Le caractère illégal et obscur des « Bitcoins » attire les blanchisseurs d’argent mais constitue simultanément un frein au blanchissement de capitaux à grande échelle. Dès lors, les « Bitcoins » peuvent être utilisés pour faire circuler les fonds (deuxième stade du blanchiment), mais pour pouvoir les réinvestir dans l’économie légale (troisième stade du blanchiment), ils doivent à nouveau être convertis de monnaie virtuelle en monnaie réelle. La transformation de montants élevés en « bitcoins » et leur apport dans le système financier légal devrait, à cause de la réputation douteuse du système de paiement en ligne, donner lieu à une prudence accrue. Pour l’instant, il n’y a pas d’indications que le système de commerce par internet  par le biais de « bitcoins » ou qu’un autre système de paiement en ligne soit utilisé à grande échelle pour blanchir des capitaux. 

L’un des défis les plus importants est le fait que ces systèmes dépassent les frontières nationales, et qu’il est difficile de déterminer où le système est localisé (et de quelle juridiction il relève). C’est pourquoi il est essentiel de travailler au niveau international, pas uniquement au niveau de l’Union européenne mais aussi avec des pays tels que la Chine et les États-Unis, où ces systèmes sont en expansion rapide. 

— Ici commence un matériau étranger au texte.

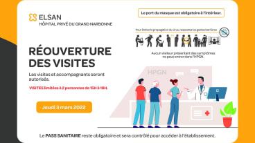 Coronavirus Vie des établissements/salariés Hôpital Privé du Grand Narbonne 03/03/2022 Réouverture des visites : Visiteurs et Accompagnateurs autorisés Vous avez aimé cette page ? Partagez-la !
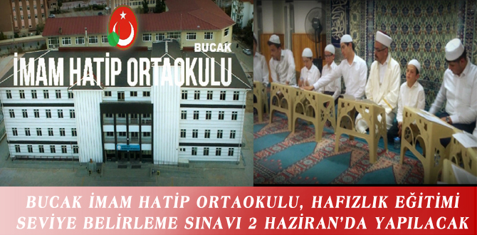 BUCAK İMAM HATİP ORTAOKULU, HAFIZLIK EĞİTİMİ SEVİYE BELİRLEME SINAVI 2 HAZİRAN’DA YAPILACAK

La CTFI continuera à suivre de près l’évolution des nouveaux moyens de paiement et des systèmes de paiement par internet et elle est activement impliquée dans les différentes initiatives internationales relatives à ce sujet, entre autres auprès du GAFI. La Banque nationale de Belgique a pour objectif de suivre les évolutions dans ce domaine, notamment par l’échange d’informations avec la Banque centrale européenne et les autres banques centrales de l’Eurosystème. La Banque nationale de Belgique pense qu’actuellement, ce type de système ne constitue pas de risque grave pour ce qui concerne la stabilité des prix et qu’il ne compromettra pas la stabilité financière. 

Des projets sont élaborés au niveau européen pour aborder cette problématique lors de la prochaine réunion du comité de paiement, organisée par la Commission européenne.